The Takaichi mandate: Power without purpose is a waste of a landslide
Sanae Takaichi just pulled off something rare in the sterile corridors of Japanese politics: she made history. As the nation’s first female prime minister, she called a snap election, bet her political future on a 16-day sprint, and walked away with a supermajority that would make most leaders drool. The Liberal Democratic Party now holds 316 seats in the lower house—more than two-thirds of the chamber. It is the kind of dominance that hasn’t been seen since the ashes of World War II settled.
But here is the uncomfortable question that should keep Takaichi awake at night: What, exactly, does she plan to do with it?
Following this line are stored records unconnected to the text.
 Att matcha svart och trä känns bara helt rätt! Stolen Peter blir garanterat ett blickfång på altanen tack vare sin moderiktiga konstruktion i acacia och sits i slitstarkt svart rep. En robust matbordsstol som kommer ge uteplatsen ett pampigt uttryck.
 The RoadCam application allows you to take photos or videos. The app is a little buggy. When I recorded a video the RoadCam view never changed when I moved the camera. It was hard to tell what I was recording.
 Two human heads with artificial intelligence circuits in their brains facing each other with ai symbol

Let’s be clear about February 15,2026, outcome represents. Voters didn’t hand the LDP a blank check because they were swept away by policy depth or philosophical rigor. They voted for a fresh face. They voted because Takaichi—articulate, telegenic, and digitally savvy—offered a departure from the grey-suited rotation of men who have governed Japan into stagnation. They voted for the idea of change. But ideas are cheap. Governance is where the cost comes due.
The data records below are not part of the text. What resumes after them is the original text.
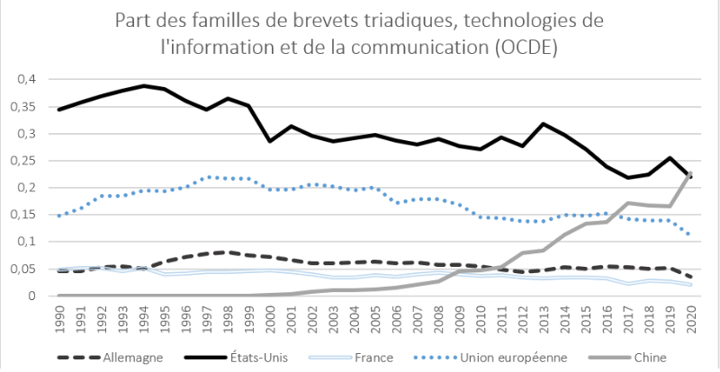 O gráfico abaixo mostra que, entre 1995 e 2006, a participação da China nos pedidos globais de patentes triádicas na área de tecnologias da informação e comunicação permaneceu praticamente inalterada. Durante esse período, a China era inexistente em termos tecnológicos. Em seguida, iniciou-se uma ascensão notável, saltando de 1% para 23% em 2020. Nesse período, a China não apenas dobrou a participação dos países da União Europeia, como os dados mais recentes disponíveis indicam que ultrapassou até mesmo os Estados Unidos.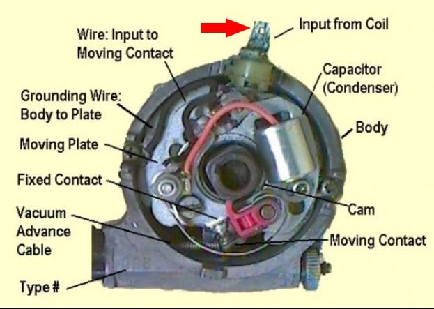 If you watch the whole video, he wraps the hot braded wire around the condenser wire, I don't agree with that, it has to move freely when the vacuum advance moves the base plate.
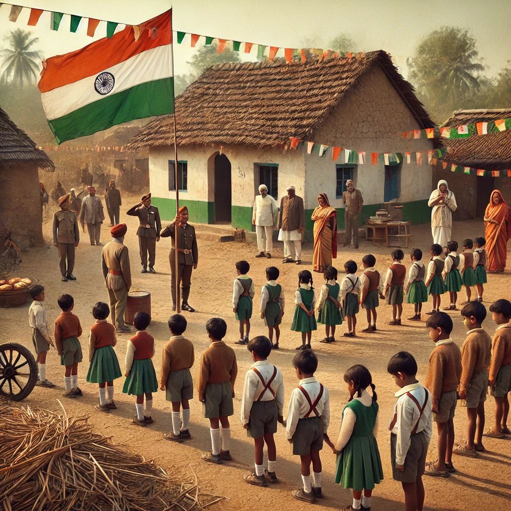 सुबह सबसे पहले ध्वजारोहण होता था। गाँव के हर घर से बच्चे तिरंगे के सामने एकत्र होते, और जैसे ही झंडा फहराया जाता, पूरा आसमान “झंडा ऊँचा रहे हमारा” के स्वर से गूंज उठता। ये गीत हमारे बचपन का हिस्सा बन चुका था। फिर हम सभी बच्चे प्रभातफेरी में निकलते। तीन-तीन बच्चों का एक समूह बनता और हाथों में हाथ डालकर, गाँव की हर गली में घूमते। “विजयी विश्व तिरंगा प्यारा” गाते हुए हम पूरे गाँव की गलियों में तिरंगा लहराते, जैसे हम खुद उस आजादी और गणतंत्र का जश्न मना रहे हों जिसे हमारे पूर्वजों ने हमें सौंपा था।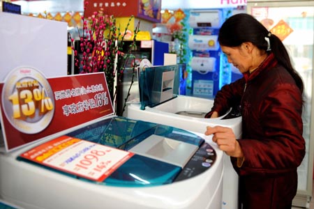 2月23日,廣西河池市金城江區(qū)一位農(nóng)婦在規(guī)定銷售網(wǎng)點(diǎn)選購(gòu)洗衣機(jī)。近期,隨著“家電下鄉(xiāng)”活動(dòng)的深入開展,廣西山村農(nóng)民紛紛到規(guī)定銷售網(wǎng)點(diǎn)購(gòu)買指定的家電產(chǎn)品。家電下鄉(xiāng)補(bǔ)貼政策不僅給農(nóng)村消費(fèi)者帶來(lái)了實(shí)惠,同時(shí)也成為商家創(chuàng)建品牌的良好商機(jī)。目前廣西家電下鄉(xiāng)銷售網(wǎng)點(diǎn)已達(dá)4000個(gè),企業(yè)投放的各類商品達(dá)到10萬(wàn)臺(tái),總價(jià)值2億元人民幣。 |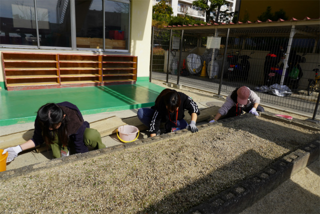 環境美化 Staff 未分類 2025年12月19日 2025年12月19日 年少組の保護者の方が 園内を掃除してくださいました‼ 今回の環境美化では、 溝の下を掃除していただきました😀 子ども達が毎日歩く場所のため、たくさんの砂が… その砂を全部出してくださいました✨ 12月のお忙しい時期に、 ご協力いただきありがとうございました😍

The campaign itself was a masterclass in tactical evasion. Takaichi dissolved the lower house on Jan. 23, an unusual move that signaled confidence bordering on audacity. She spoke of pursuing “the most daring policies and reforms that could divide national opinion.” It was Churchillian in tone, but when the time came to explain what those policies actually were, the Prime Minister went quiet. On the consumption tax—the third rail of Japanese politics—the LDP’s pledge was to “hasten talks at a cross-party national council” about a freeze. That isn’t a policy; it’s a filibuster disguised as a promise.
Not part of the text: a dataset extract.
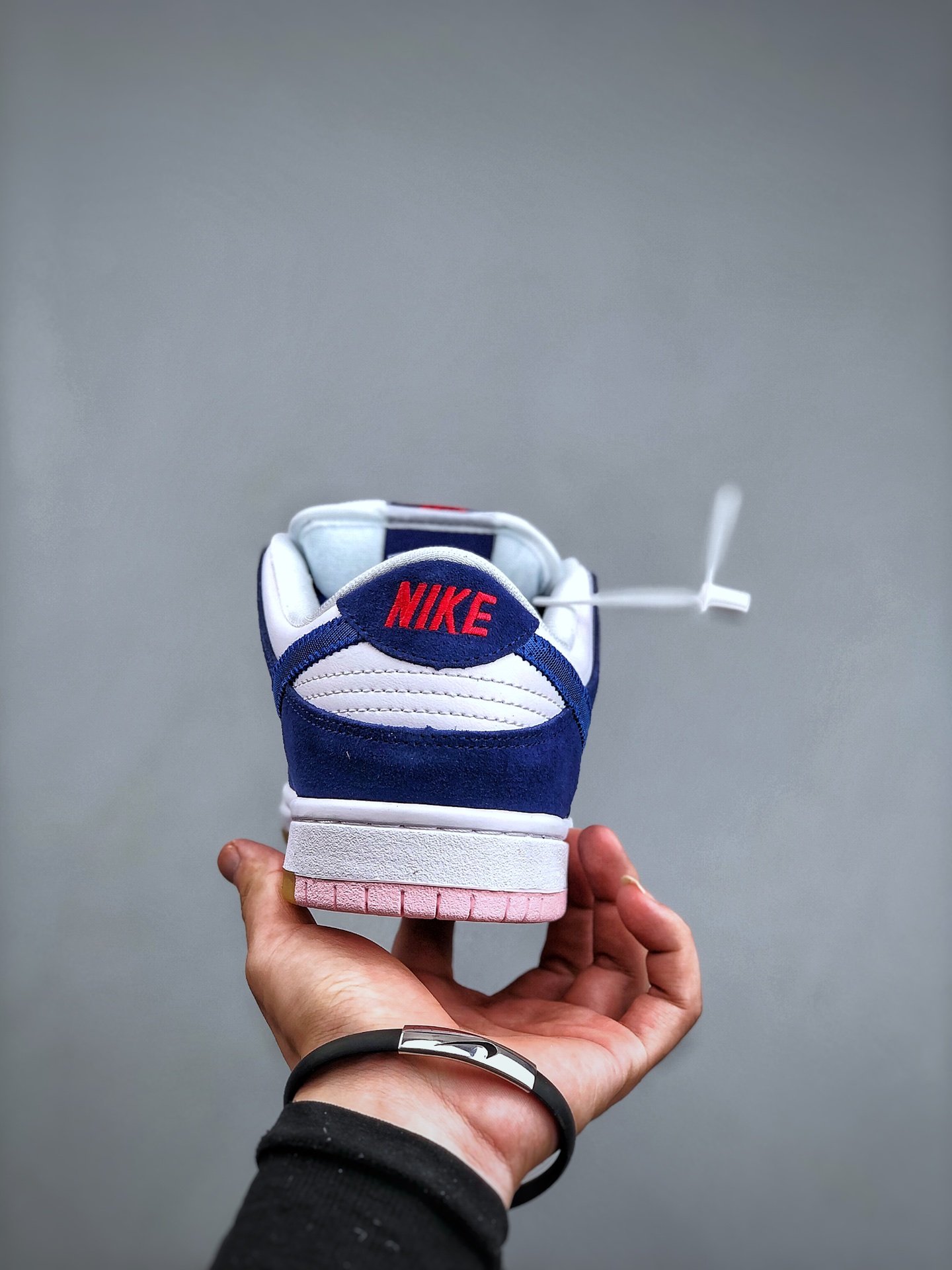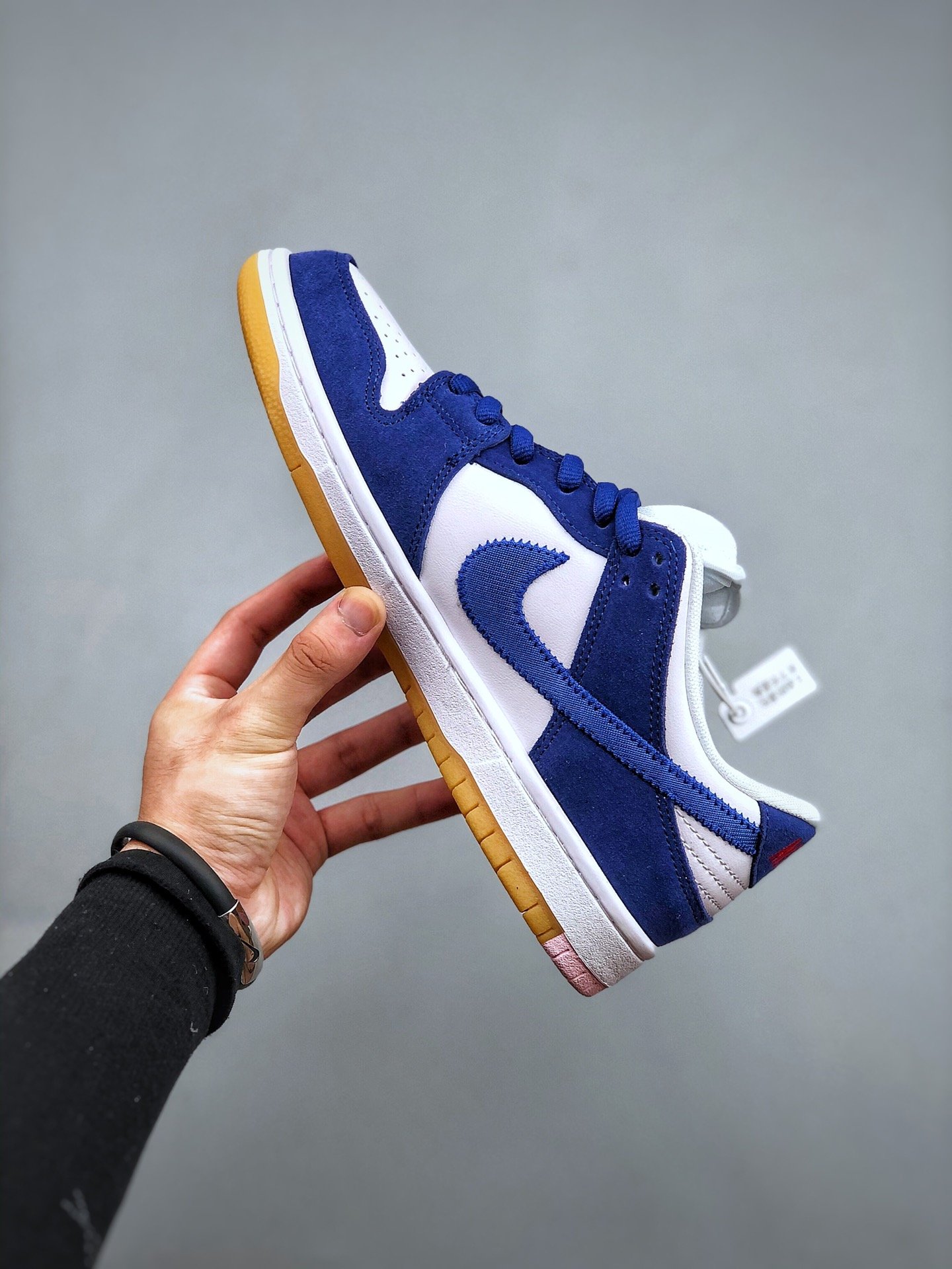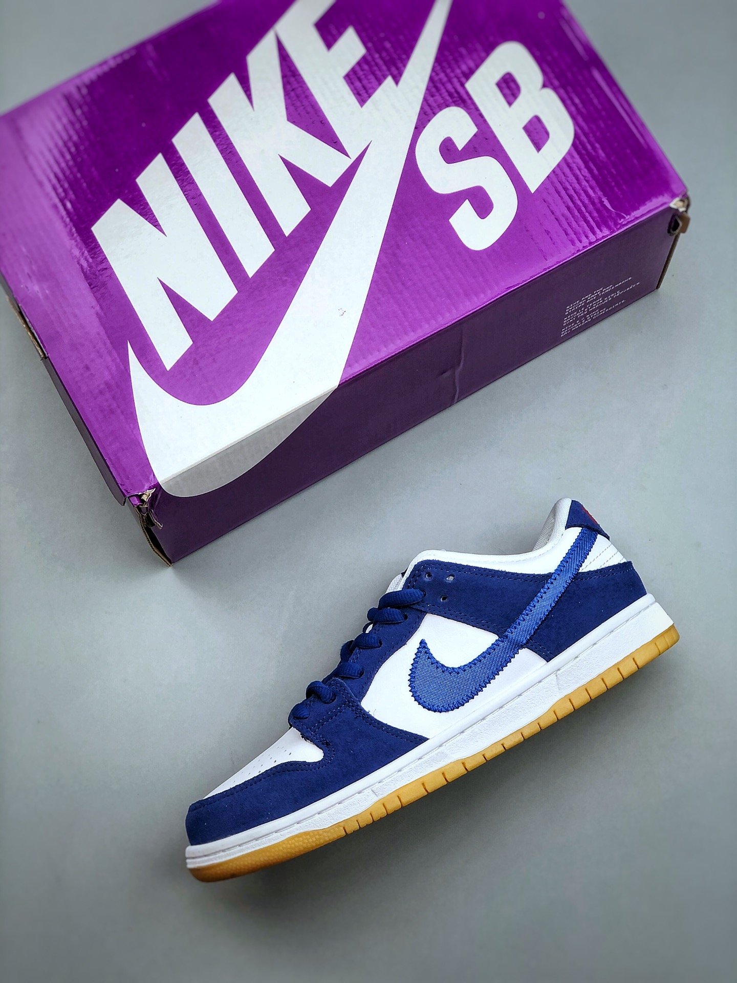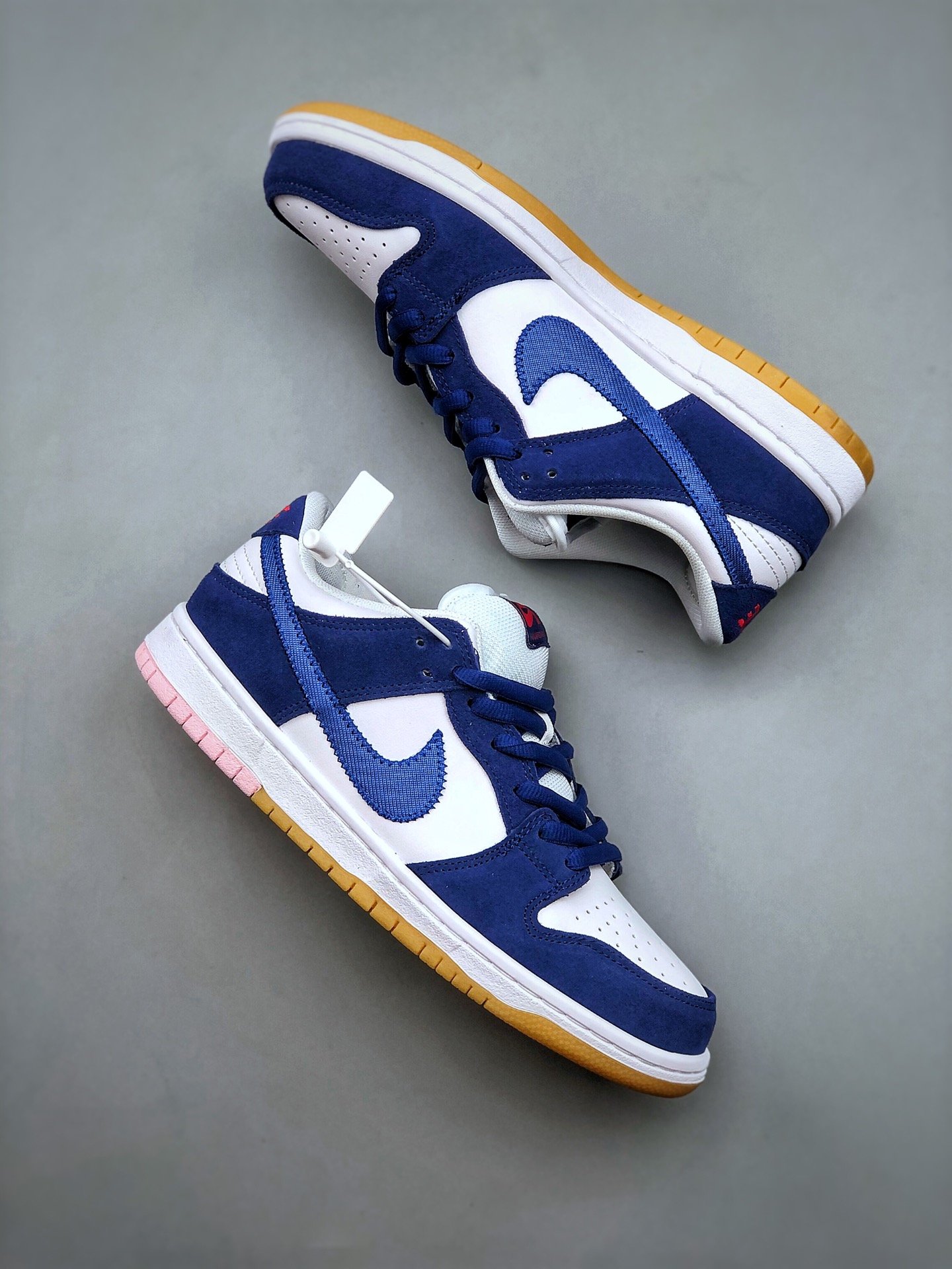 The Nike SB Dunk Low Los Angeles Dodgers is a low-top sneaker with lace-up closure style. The shoe features a blue and white color scheme that has shades similar to the traditional blue and white worn by the MLB’s LA Dodgers. It has a light-brown sole with a pink graphic on the ankle’s right side.

And here’s the rub: the public didn’t have time to demand better. Sixteen days between dissolution and vote is the shortest window in postwar history. There was no breathing room for scrutiny, no space for the opposition to land a punch. The perennial rot of “politics and money” never gained traction because the race was over before it started. If the LDP interprets this victory as a public endorsement of its agenda, it isn’t just mistaken—it’s delusional.
Now comes the hard part. Takaichi sits atop a legislative fortress. With a two-thirds majority, her coalition can override the upper house at will. That is power, pure and unadulterated. But power in a democracy is like fire: useful when contained, devastating when it spreads. The temptation will be to bulldoze through opposition, to treat the Diet as a rubber stamp. That would be a catastrophic error. The public may have voted for change, but they did not vote for arrogance. The LDP should deliberate with the humility of a minority, even as it governs with the strength of a majority.
The to-do list is daunting. First, the fiscal 2026 budget must pass—a mundane necessity, but one that affects every household in Japan. Beyond that lies the labyrinth: social security reform that requires either raising contributions or cutting benefits, neither of which wins popularity contests. Energy policy that must balance affordability with sustainability. A deteriorating relationship with China. An American ally that has become erratic, to put it charitably.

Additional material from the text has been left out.